Start of DATA EXCERPT

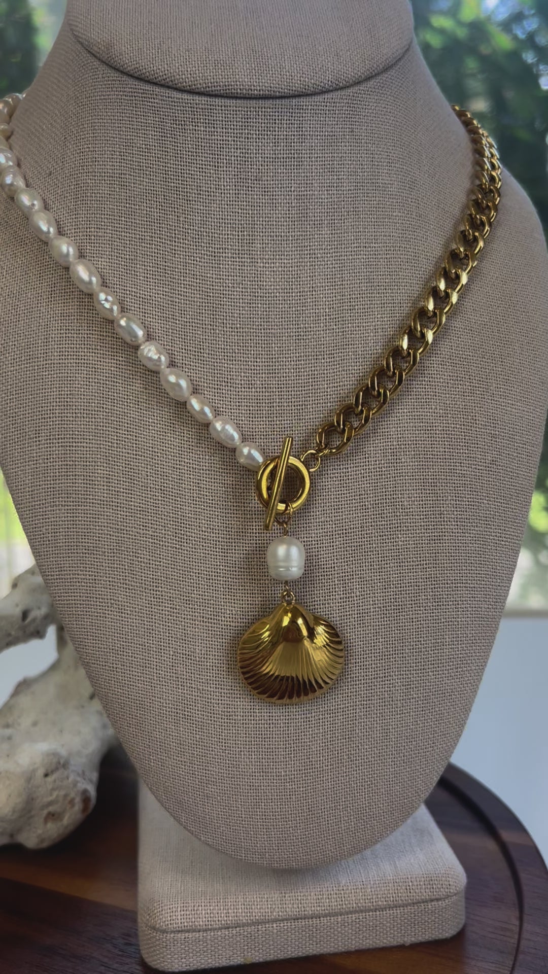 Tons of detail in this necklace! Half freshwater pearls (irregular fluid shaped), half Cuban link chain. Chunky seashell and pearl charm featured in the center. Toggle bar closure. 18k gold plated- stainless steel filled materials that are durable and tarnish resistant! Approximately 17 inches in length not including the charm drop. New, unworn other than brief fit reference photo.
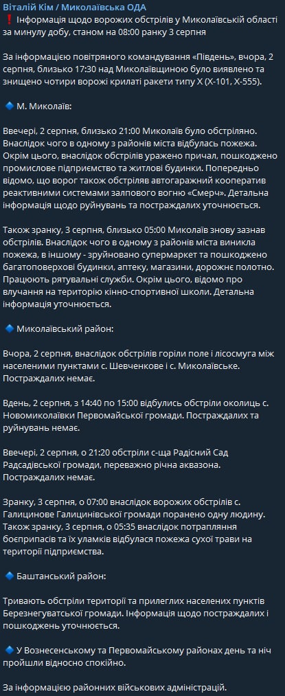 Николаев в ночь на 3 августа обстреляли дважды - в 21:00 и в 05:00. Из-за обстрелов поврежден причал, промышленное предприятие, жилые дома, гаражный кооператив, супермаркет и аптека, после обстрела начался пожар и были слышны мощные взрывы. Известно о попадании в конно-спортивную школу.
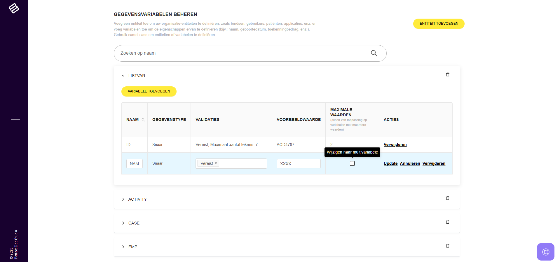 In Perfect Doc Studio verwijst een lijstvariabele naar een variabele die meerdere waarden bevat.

End of DATA EXCERPT

TASK TO CARRY OUT: No pictures go in the copy. Output exactly the lines from the line containing "Николаев в ночь" through the end of the listing above.

YOUR SOLUTION:
 Николаев в ночь на 3 августа обстреляли дважды - в 21:00 и в 05:00. Из-за обстрелов поврежден причал, промышленное предприятие, жилые дома, гаражный кооператив, супермаркет и аптека, после обстрела начался пожар и были слышны мощные взрывы. Известно о попадании в конно-спортивную школу.
 In Perfect Doc Studio verwijst een lijstvariabele naar een variabele die meerdere waarden bevat.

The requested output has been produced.